_Problem to solve_
Nothing but the images is to be left out of your exact copy of the entries.

_Given data_
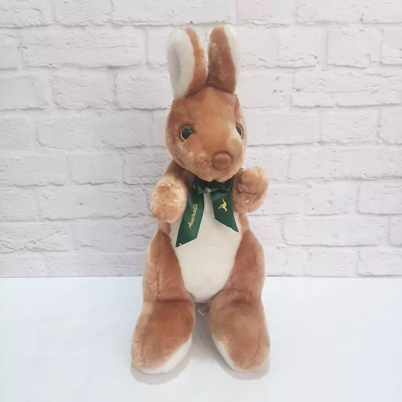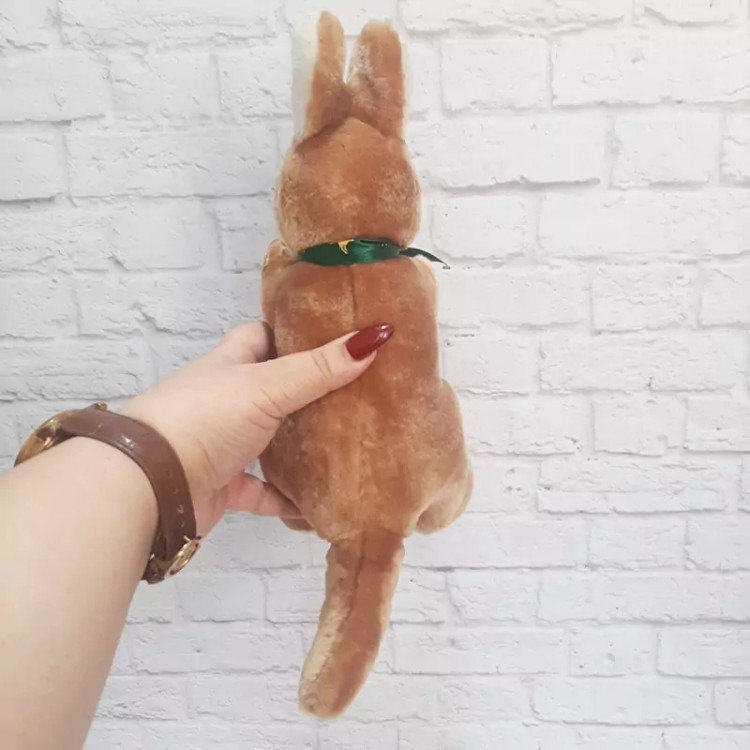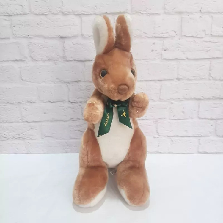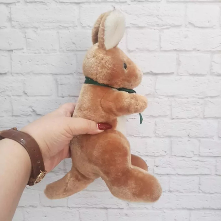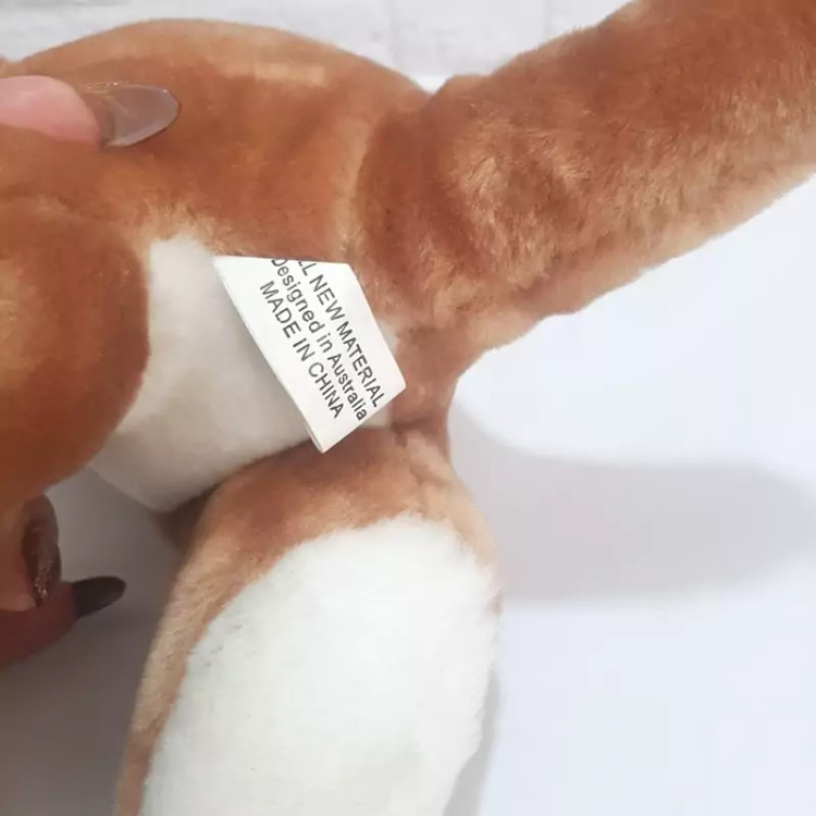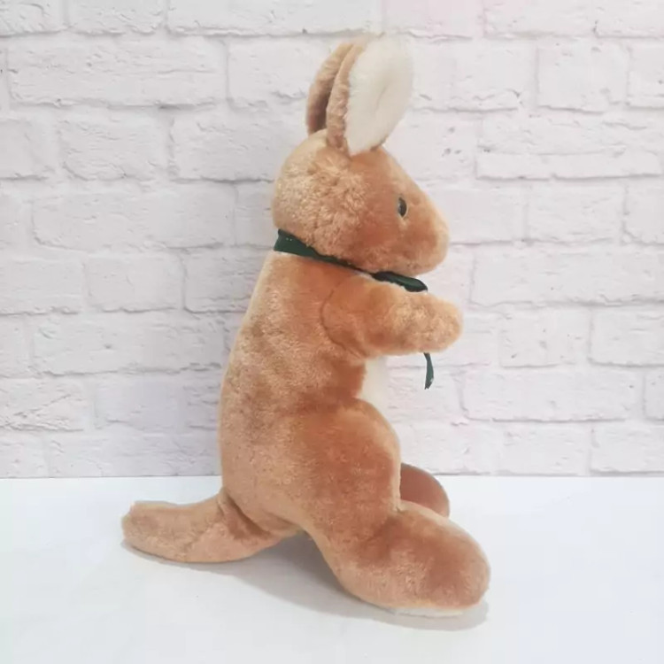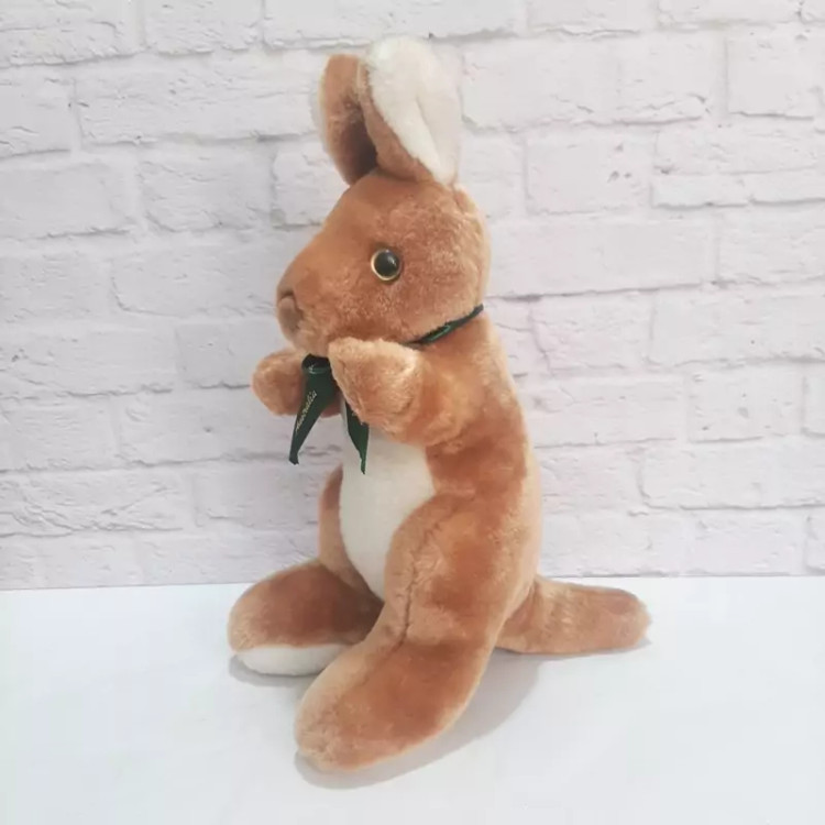 عروسک خارجی و اورجینال فوق العاده خوووووش رنگ و درجه یک کانگورو . جنسش مخمل براااااااااااق پرز کوتاه، نررررررذم و لطبف .توپر و سفت . مثل عکس روی پاهاش می ایسته ، ضد حساسیت . قابل شستشو .
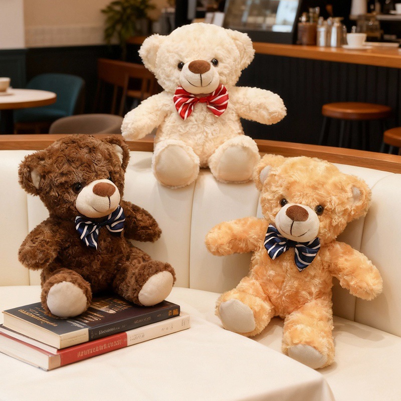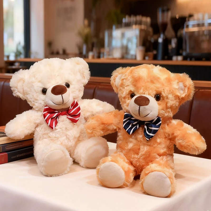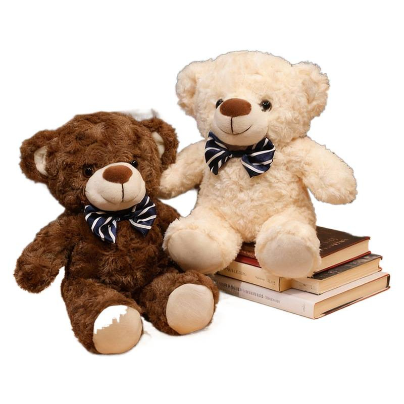 跨境新款领结熊可爱领结泰迪熊儿童陪伴布娃娃白粉熊毛绒玩具
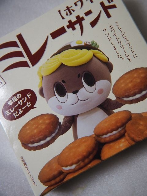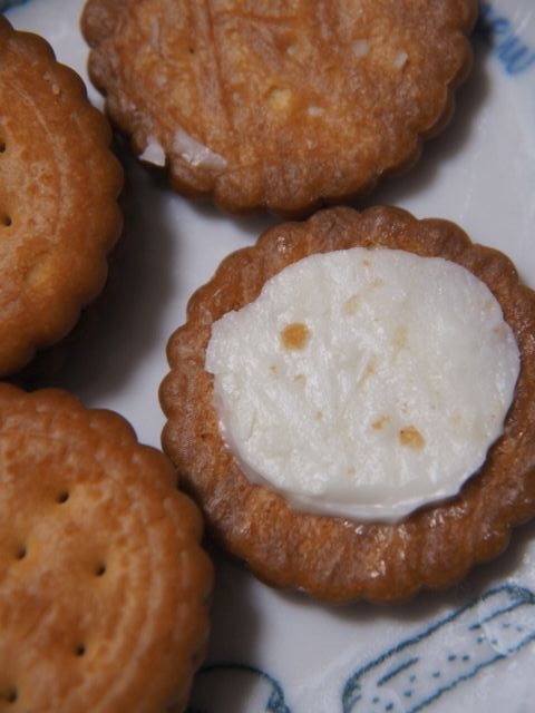 高知銘菓のミレービスケットで、ホワイトクリームを挟んだもの。
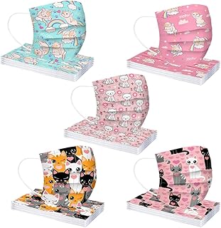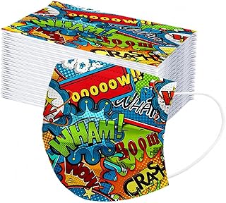 50 Stück Mundschutz Kinder Einweg 3-lagig mit Motiv Bunt Mund-Nasen-Schutz Cartoon Druck Atmungsaktiv Mund-Tuch Bandana Halstuch Schals für Mädchen Jungen
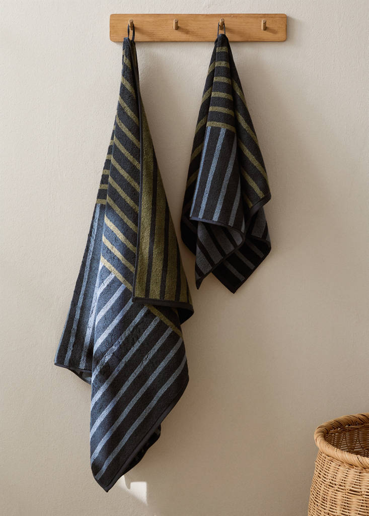 Tamanho: 90x150cm. 100% Algodão. Design de riscas bicolor. De grande absorção e respirável para uma secagem rápida. Disponível em várias cores. Combina com mais produtos da coleção
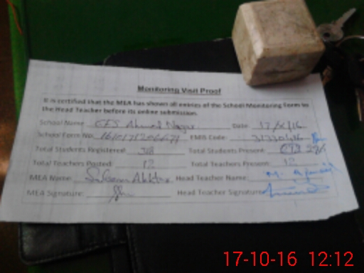| Attendance Register | Head Teacher | MEA with School | Visit Proof |
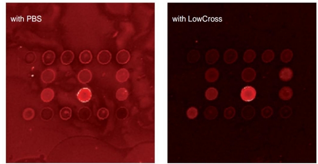 圖2到圖5顯示使用LowCross Buffer®可防止免疫分析中典型的干擾效應(yīng)的不同示例。圖2顯示了在蛋白芯片應(yīng)用中使用LowCross Buffer®可降低高背景,并將信噪比從3.4提高到17.3。在這個(gè)實(shí)驗(yàn)中,對(duì)不同多克隆抗EPIL抗體(EPIL=早期胎盤胰島素樣生長(zhǎng)因子) 的適用性進(jìn)行了測(cè)試??贵w使用濃度為500µg/ml、體積為1.8 nl/spot通過生物芯片打點(diǎn)機(jī)(GMS 417)固定在氨基硅烷化的微陣列載玻片上。隨后,將2ml的EPIL過度表達(dá)細(xì)胞系(SKBR3) 培養(yǎng)基與染料Oyster650P混合,此時(shí)培養(yǎng)基內(nèi)蛋白質(zhì)被標(biāo)記。分別使用LowCross Buffer®和PBS按照1:20稀釋培養(yǎng)基,加在載玻片上進(jìn)行孵育。沖洗載玻片后,用熒光掃描儀(GMS 418) 進(jìn)行讀取,并用ImaGene分析數(shù)據(jù)。通過使用LowCross Buffer®可以明顯降低背景信號(hào),從而使得更好地區(qū)分單個(gè)抗體是否適用于檢測(cè)EPIL。
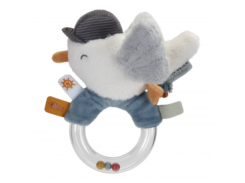 Originálna hrkálka v podobe priehľadného krúžku s hrkajúcimi korálkami a plyšovej čajky z kolekcie Námornícky záliv je ideálna ako prvá hračka pre vaše bábätko. Hrkálka má tvar pre ľahké uchopenie a rôznorodé textúry na skúmanie rukami i ústami. Krídla čajky pri stlačení šuštia.
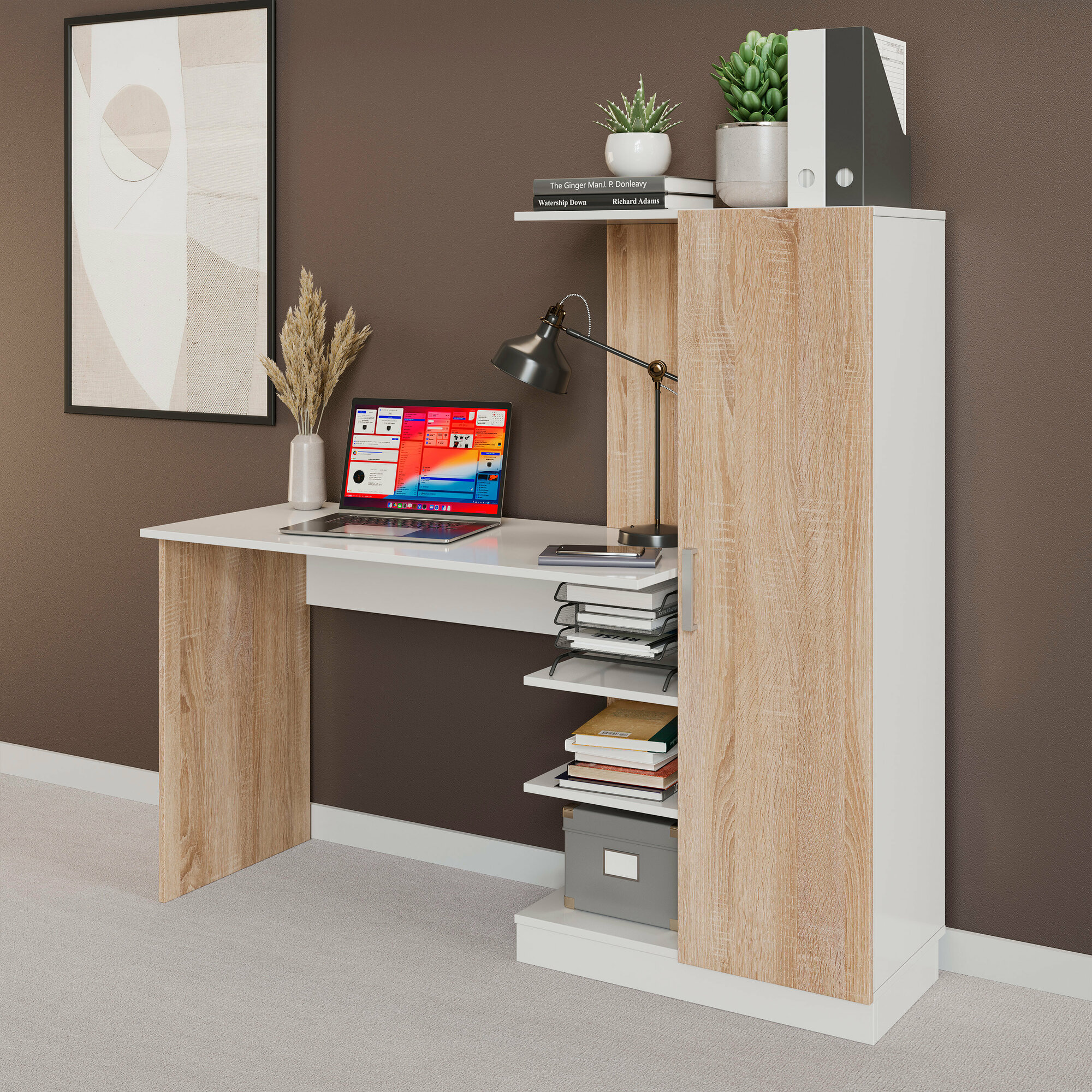 10 цен на Бейсик Стол компьютерный (Дуб Сонома/Белый)
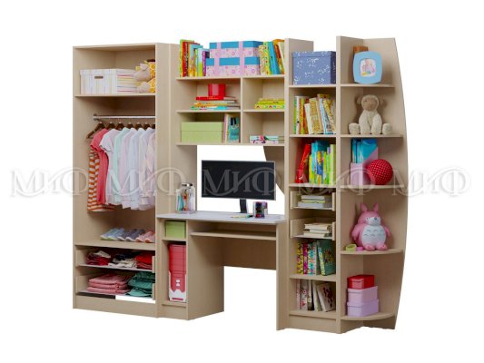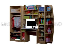 Набор детской мебели со столом. Изготовлен с соблюдением всех необходимых требований к экологичности и функциональности. В этой модели детской модульной мебели использована крепкая и надежная фурнитура.
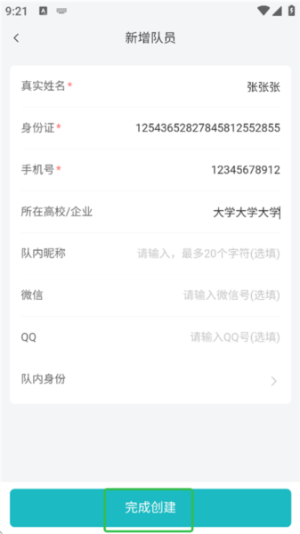 5、输入队员的姓名与身份证号码等信息,点击【完成创建】保存。
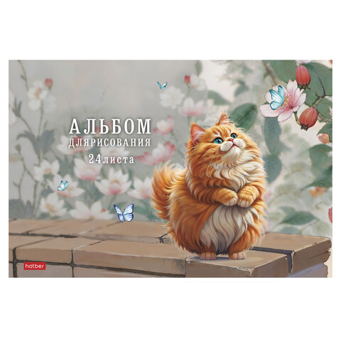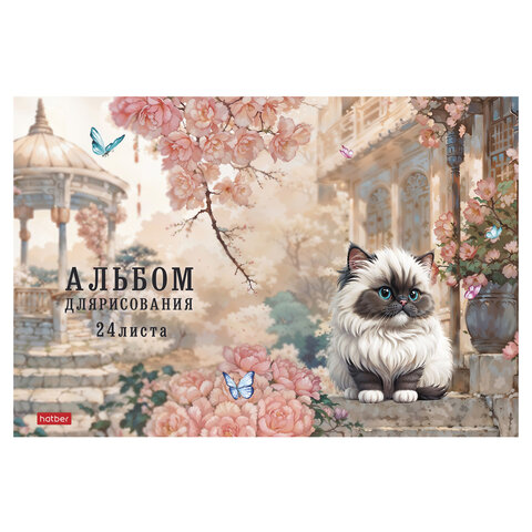 Альбом для рисования А4 16 л., скоба, обложка картон, HATBER, 205х290 мм, "Мяу-Котики",...
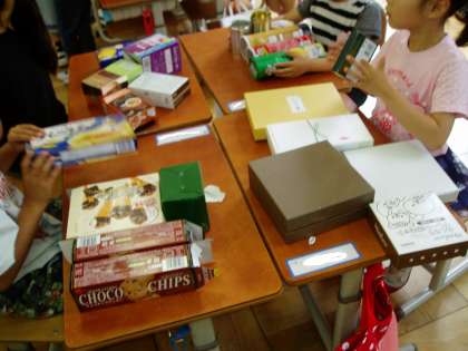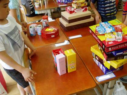 今日は,いろいろな入れ物を持ち寄り,形に注目して『仲間わけ』をしています。1年生の子どもたちが,どこに注目して『仲間わけ』をしたのかをグループごとに発表しています。
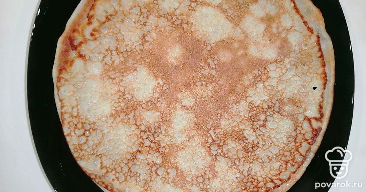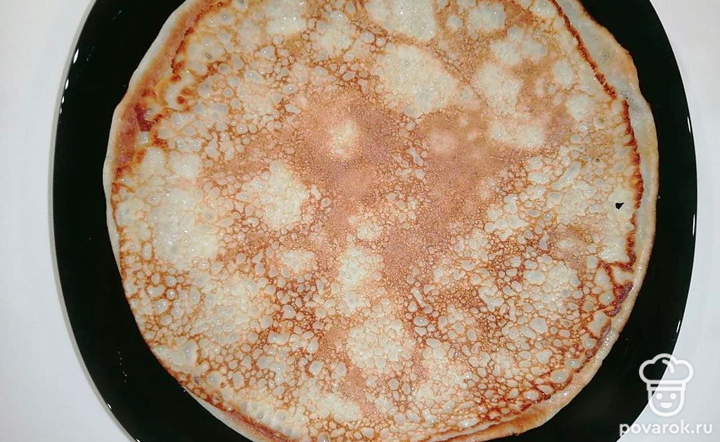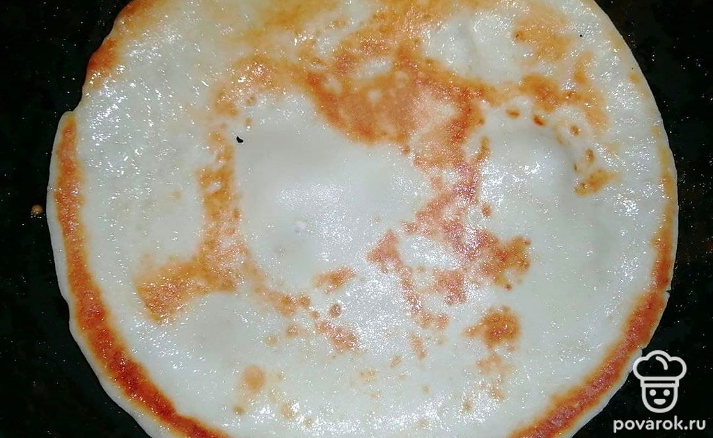 Разогрейте сковороду на среднем огне и смажьте небольшим количеством масла. Влейте немного теста половником и распределите массу по всей сковороде. Обжаривайте до золотистости с каждой стороны.

_Task answer_
 عروسک خارجی و اورجینال فوق العاده خوووووش رنگ و درجه یک کانگورو . جنسش مخمل براااااااااااق پرز کوتاه، نررررررذم و لطبف .توپر و سفت . مثل عکس روی پاهاش می ایسته ، ضد حساسیت . قابل شستشو .
 跨境新款领结熊可爱领结泰迪熊儿童陪伴布娃娃白粉熊毛绒玩具
 高知銘菓のミレービスケットで、ホワイトクリームを挟んだもの。
 50 Stück Mundschutz Kinder Einweg 3-lagig mit Motiv Bunt Mund-Nasen-Schutz Cartoon Druck Atmungsaktiv Mund-Tuch Bandana Halstuch Schals für Mädchen Jungen
 Tamanho: 90x150cm. 100% Algodão. Design de riscas bicolor. De grande absorção e respirável para uma secagem rápida. Disponível em várias cores. Combina com mais produtos da coleção
| Attendance Register | Head Teacher | MEA with School | Visit Proof |
 圖2到圖5顯示使用LowCross Buffer®可防止免疫分析中典型的干擾效應(yīng)的不同示例。圖2顯示了在蛋白芯片應(yīng)用中使用LowCross Buffer®可降低高背景,并將信噪比從3.4提高到17.3。在這個(gè)實(shí)驗(yàn)中,對(duì)不同多克隆抗EPIL抗體(EPIL=早期胎盤胰島素樣生長(zhǎng)因子) 的適用性進(jìn)行了測(cè)試??贵w使用濃度為500µg/ml、體積為1.8 nl/spot通過生物芯片打點(diǎn)機(jī)(GMS 417)固定在氨基硅烷化的微陣列載玻片上。隨后,將2ml的EPIL過度表達(dá)細(xì)胞系(SKBR3) 培養(yǎng)基與染料Oyster650P混合,此時(shí)培養(yǎng)基內(nèi)蛋白質(zhì)被標(biāo)記。分別使用LowCross Buffer®和PBS按照1:20稀釋培養(yǎng)基,加在載玻片上進(jìn)行孵育。沖洗載玻片后,用熒光掃描儀(GMS 418) 進(jìn)行讀取,并用ImaGene分析數(shù)據(jù)。通過使用LowCross Buffer®可以明顯降低背景信號(hào),從而使得更好地區(qū)分單個(gè)抗體是否適用于檢測(cè)EPIL。
 Originálna hrkálka v podobe priehľadného krúžku s hrkajúcimi korálkami a plyšovej čajky z kolekcie Námornícky záliv je ideálna ako prvá hračka pre vaše bábätko. Hrkálka má tvar pre ľahké uchopenie a rôznorodé textúry na skúmanie rukami i ústami. Krídla čajky pri stlačení šuštia.
 10 цен на Бейсик Стол компьютерный (Дуб Сонома/Белый)
 Набор детской мебели со столом. Изготовлен с соблюдением всех необходимых требований к экологичности и функциональности. В этой модели детской модульной мебели использована крепкая и надежная фурнитура.
 5、输入队员的姓名与身份证号码等信息,点击【完成创建】保存。
 Альбом для рисования А4 16 л., скоба, обложка картон, HATBER, 205х290 мм, "Мяу-Котики",...
 今日は,いろいろな入れ物を持ち寄り,形に注目して『仲間わけ』をしています。1年生の子どもたちが,どこに注目して『仲間わけ』をしたのかをグループごとに発表しています。
 Разогрейте сковороду на среднем огне и смажьте небольшим количеством масла. Влейте немного теста половником и распределите массу по всей сковороде. Обжаривайте до золотистости с каждой стороны.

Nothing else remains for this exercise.